De los pibes del barrio, el Uru, y eso que era más bueno que el pan.
Estoy hablando de Pompeya, donde tenías que ser guapo te gustara o
no. Vivía a la vuelta de mi casa, en Mom y Luppi, al fondo de un
conventillo con gallinero. Morochazo, flaco, pelo de virulana. Su
gracia era imitar el caminar de los gallos: ponía el cuerpo rígido,
sacaba el culo afuera y andaba moviendo el cogote de atrás hacia
delante. Un plato, le juro.
Al principio lo
cargábamos porque decía “vó” al terminar una frase o porque
contaba que había nacido en el Cerro y a todos nos daba risa. ¿Qué
cerro podía tener Uruguay si era un país más chato que una sartén?
Él no se enojaba nunca, pero a lo mejor por eso hablaba poco: para
no caer en la tentación de tener que pelearse con sus amigos por
pavadas.
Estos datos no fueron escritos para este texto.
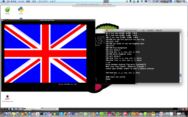しかしながらXはssh経由ではつつけないので、別途VNCサーバー(Raspberry pi用にはTightVNCがあります、クライアントはRealVNCとかご自由に。)を入れてあげるとより快適になります。クライアントから「サーバーのIPアドレス::ポート番号」で繋げます。
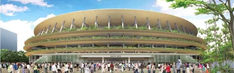 新国立競技場の完成予想図。環境に配慮して高さが当初案より5メートル低い70メートルになった 出典 日本スポーツ振興センター
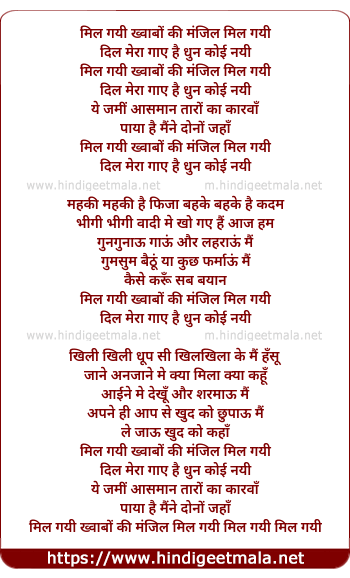 Lyrics of Mil Gayi Khwab Ki Manzil - मिल गयी ख्वाबों की मंजिल
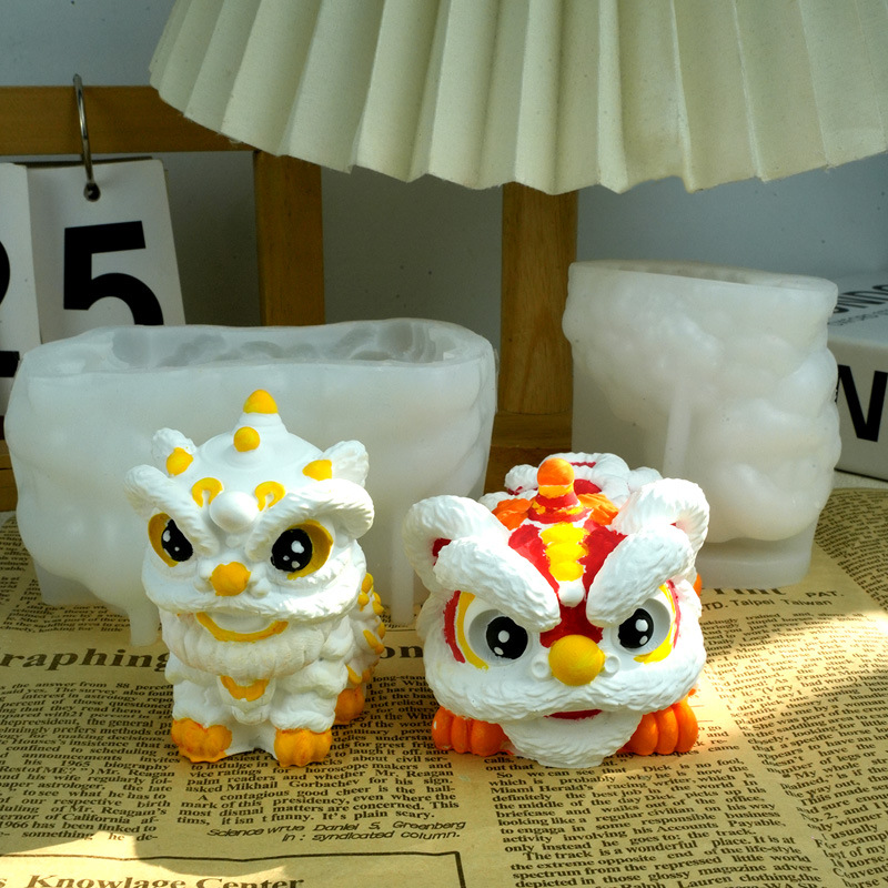 国風のお祝いの目が覚めるライオンの金型の小さい置物の高級感のデスクトップの装飾の工芸品の創意の誕生日のシリカゲルの製品
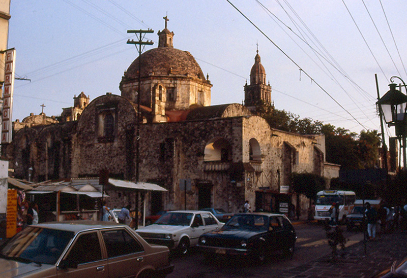 Source: WTL photo© taken on site in Cuernavaca. Image: On the street corner (Avenida Morelos closest, Avenida Hidalgo to the left), you see the Cathedral's old chapel and the site of a still functioning Franciscan convent. Comments: One of the unique and most popular aspects of this cathedral are the mariachi masses at 11:00 a.m. Down the street off of the sidewalk on the right is the Jardín Borda, which you will see in Cuernavaca #16 and #17. The Franciscan order still maintains a convent on this corner. |
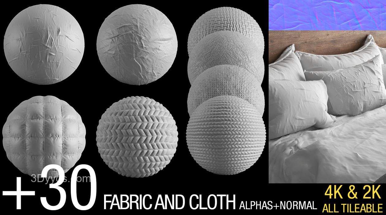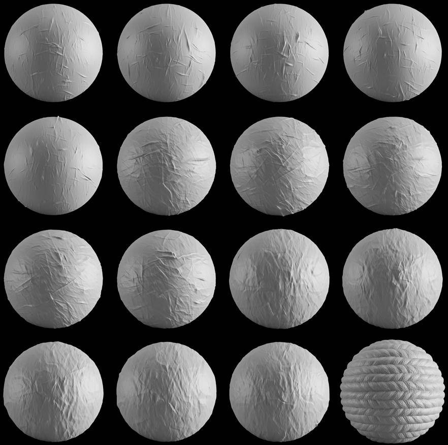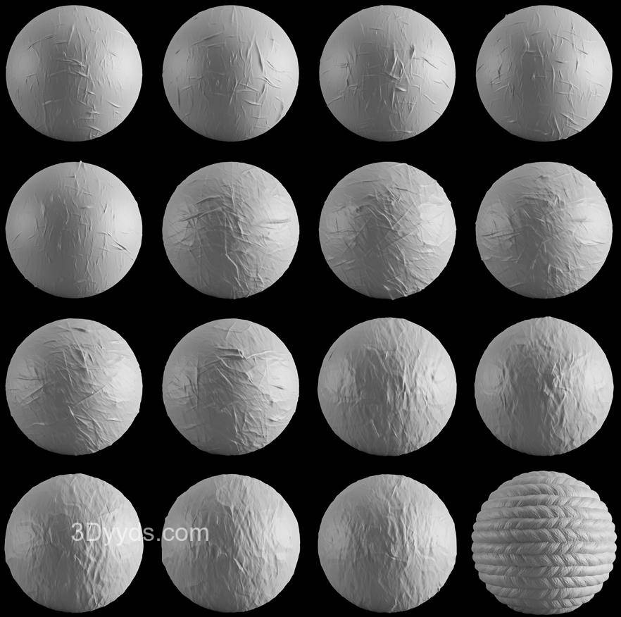 zbrush30布料面临法线Alpha笔刷&枕头床单针线粗布细节TIF
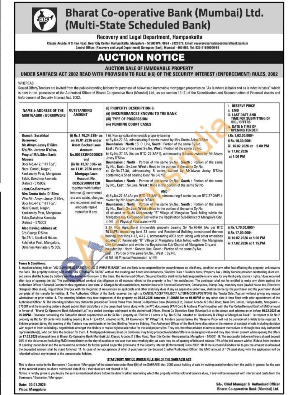 2. Non Agricultural immovable property bearing Sy No.70-6A (As per RTC 70-6AP8) measuring land 33 cents and Residential Building constructed thereon bearing Door Nos.4-12, 4-12-1, admeasuring 4901 sq.ft. along with other amenities situated at, Kankanady "B" Village of Mangaluns Taluk falling within the Mangaluru City Corporation and within the Registration Sub-District of Mangaluru City and bounded by: North: Survey Line, South Portion of the same Sy. No. East Portion of the same Sy.No, West Sy.No.
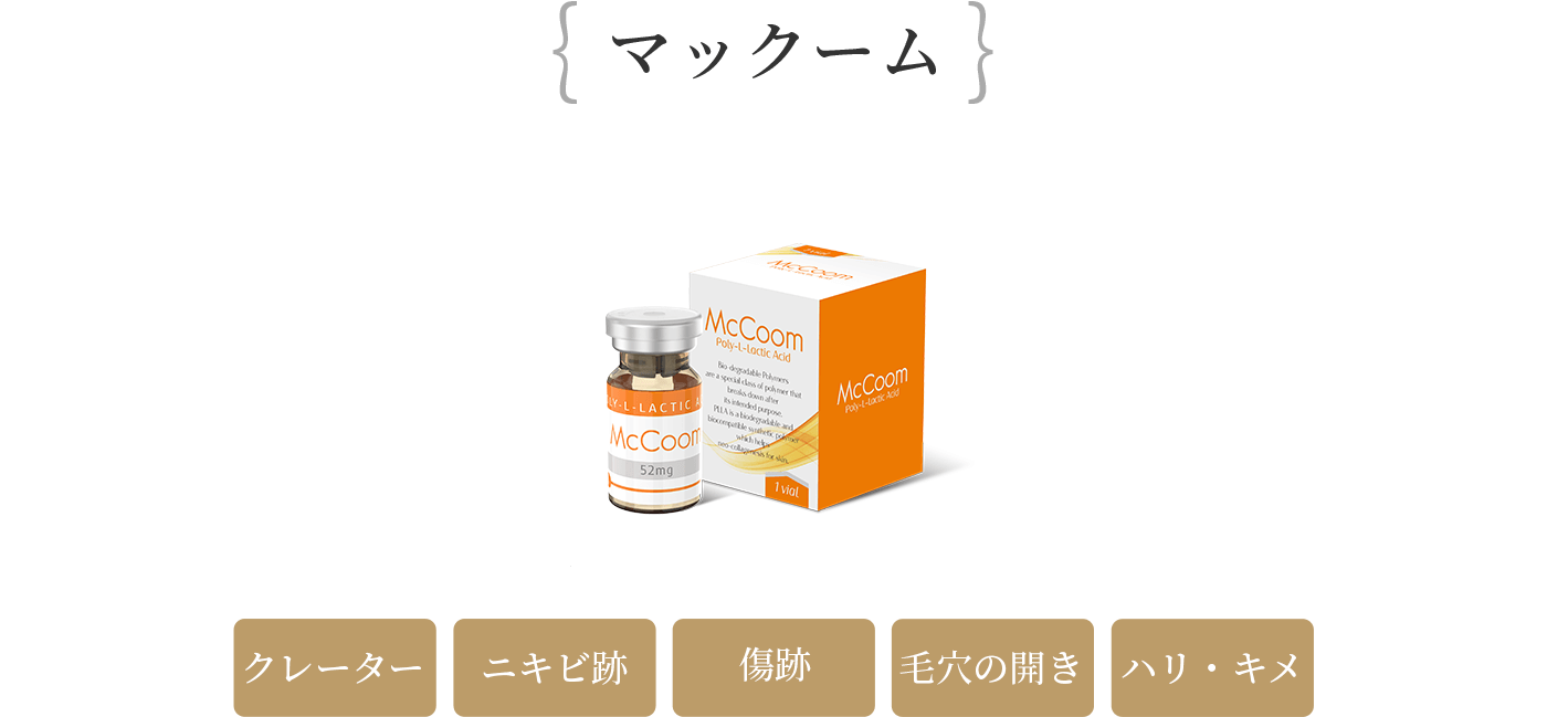 PDLLAは、手術用縫合糸としても使用されている成分で、注入後は1〜2年かけてゆっくりと体内に吸収されていくため、効果の持続力が長いことも特徴です。そのため、マックームよりも美肌効果が高いとされています。
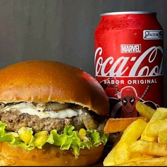 Pão especial, carne artesanal 100g,queijo coalho,charque assada,cheddar,verduras ( cebola caramelizada) e molho especial +batata frita+coca cola lata
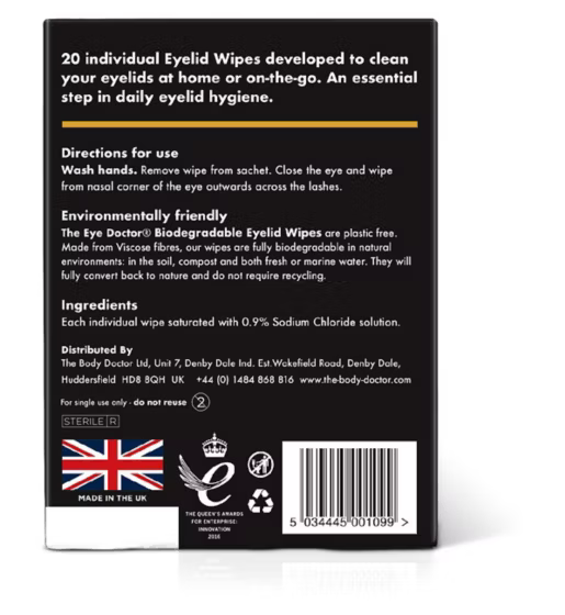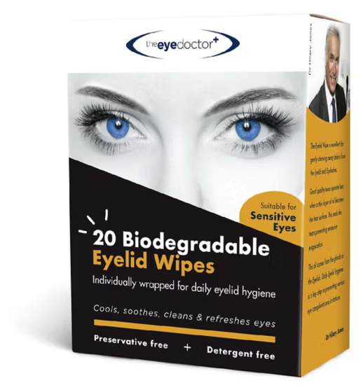 ‘The Eyelid Wipe is excellent for gently cleaning away debris from the eyelid and eyelashes. Good quality tears operate best when a thin layer of oil lies over the tear surface. This seals the tears preventing excessive evaporation. This oil comes from the glands in the eyelids. Daily eyelid hygiene is a key step in preventing various eye complaints and irritations.’ – Dr Hilary Jones, GP & Medical Broadcaster.

La primera vez que se cagó a trompadas a morir –esa
primera vez que disparó la leyenda que usted viene a buscar– fue
en la primaria. Íbamos al Genaro Sisto, de Tilcara, una escuelita de
las de antes, en la que se mezclaba el hijo bien del doctor con el
hijo reo del botellero. En quinto llegó un pibe nuevo: repetidor,
trece años, un mastodonte al que los bigotes le asomaban como
cardos. Nos miraba desde arriba con desprecio, igual que se mira a
una hormiga dos segundos antes del pisotón. Ceiba, se llamaba, venía
de Villa Diamante, y, apenas lo vi, enseguida supe que con alguien se
la iba a agarrar. Rogué que no fuera conmigo, porque contra él no
tenía chances y eso que yo no era ningún nene de mamá.
Ceiba eligió al
Uru. Por el nombre saltó la cosa. El Uru se llamaba Washington,
Washington Maldonado; raro acá, donde todos éramos Rubén, Luis o
Juan Carlos, pero –usted sabe– bastante común al otro lado del
río. Cada vez que la maestra tomaba lista y llegaba al Uru, Ceiba
largaba una risotada o le hacía el eco con voz finita:
Wayintón-tón-tón. Mi amigo, nada, como si no lo escuchara, pero yo
me daba cuenta –porque lo conocía bien– que la cargada le
revolvía las tripas. La situación se mantuvo así, digamos tensa,
hasta que un sábado fuimos todos los del grado a jugar un picado en
la Canchita de la Viuda. El Uru no era un crack, pero corría mucho y
jamás escatimaba suela, lo que de cualquier manera lo volvía un
jugador muy valorado por nosotros. Ceiba dijo de hacer un pan y queso
con él. No fue casualidad, estoy seguro: quiso garantizarse que lo
iba a tener de rival. Yo, que a bicho no me gana nadie, me avivé
enseguida de que ellos estaban jugando un partido aparte. Había que
ver cómo levantaban polvareda cada vez que trababan una pelota, los
manotazos, las piernitas arriba, la furia que parecía nacerles en
los músculos del cuello y, de ahí, en tobogán directo a los pies.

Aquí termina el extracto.